Costs & Limits

4 min read

Archestra tracks LLM usage costs, enforces usage limits, and records savings from model optimization and tool-result compression. These controls work together: pricing defines cost, logs and statistics show what happened, limits stop or shape usage, and optimization reduces spend before a request reaches a model.

Statistics

The statistics view is the rollup layer for LLM traffic. It aggregates usage by time range, team, profile, and model so you can answer questions like:

  • which teams are driving spend
  • which models are responsible for the largest share of cost
  • whether optimization rules or TOON compression are reducing spend over time

For a fuller cost view outside the Archestra UI, use Archestra's exported metrics and the prebuilt Grafana dashboards. Those surfaces are better suited for long-term monitoring, alerting, and cross-system cost analysis.

This page depends on model pricing being configured correctly. If a model has no pricing, usage can still be logged, but cost calculations will be incomplete.

Archestra stores both raw spend and savings. Savings can come from:

  • optimization rules that reroute requests to lower-cost models
  • TOON compression that reduces tool-result tokens before the result is sent to the model

Usage Limits

Usage limits are guardrails for LLM spend. Archestra supports token-cost limits scoped to either the organization or a team, and each limit targets one or more specific models.

Use organization limits for a shared platform-wide budget. Use team limits when different groups need separate spend caps.

Limits are evaluated from recorded model usage, so pricing configuration affects token-cost limits directly.

Limit Cleanup

Limit usage is periodically reset according to the configured cleanup interval. This is an operational setting, not a retention policy. It controls how often expired or completed limit windows are cleaned up so counters stay accurate and limit storage does not grow unnecessarily.

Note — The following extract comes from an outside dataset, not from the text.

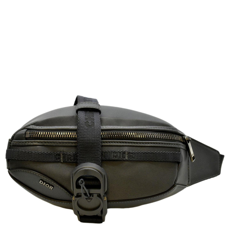 CHRISTIAN DIOR Scarab Calfskin Leather Crossbody Bag Grey

Use shorter intervals if you rely on tighter reset windows and want counters refreshed more aggressively.

Model Pricing

Model pricing is configured on the provider model settings pages. Pricing is the foundation for every cost feature in Archestra:

  • statistics use it to convert token counts into spend
  • token-cost limits use it to decide when a budget is reached
  • optimization reports use it to calculate savings
  • TOON compression savings are reported in dollars using the configured model price

If you use custom or self-hosted models, add pricing explicitly so cost reporting stays meaningful.

Optimization Rules

Optimization rules reduce cost before a request is sent to an LLM. They evaluate request context and can switch the request to a lower-cost model when the rule conditions match.

Typical uses:

  • route short prompts to a cheaper model
  • use a less expensive model when tool use is not required
  • apply time-based policies for predictable traffic patterns

Rules are applied by priority order. This makes them useful for layered policies, where a specific exception should win over a general fallback.

TOON Compression

TOON compression reduces the token footprint of structured tool results before they are passed to the model. Archestra keeps the original JSON for application logic, then converts the model-facing representation to TOON when compression is enabled and when the converted form is actually smaller.

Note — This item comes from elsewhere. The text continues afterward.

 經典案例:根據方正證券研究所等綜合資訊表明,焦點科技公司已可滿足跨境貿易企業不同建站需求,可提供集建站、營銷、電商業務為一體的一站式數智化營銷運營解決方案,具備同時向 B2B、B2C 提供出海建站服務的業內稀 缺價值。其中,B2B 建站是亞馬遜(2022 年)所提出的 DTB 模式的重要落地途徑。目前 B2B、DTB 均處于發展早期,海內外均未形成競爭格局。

TOON is a compact, lossless representation of the JSON data model designed for LLM input. Its main advantage is with uniform arrays of objects, where repeated field names are declared once and row values are emitted in a table-like form. In practice, this is useful for tool outputs like:

  • database query results
  • lists of API resources
  • analytics rows
  • search results with repeated fields

Compression is skipped when:

  • TOON is disabled
  • a response has no tool results
  • the TOON version would not save tokens

Archestra records before/after token counts and savings when compression is applied, so those savings appear in logs and aggregate cost reporting.

You can enable TOON compression at:

  • organization level for all traffic
  • team level when only certain teams should use it

See the upstream TOON format project for the format specification and benchmarks: toon-format/toon.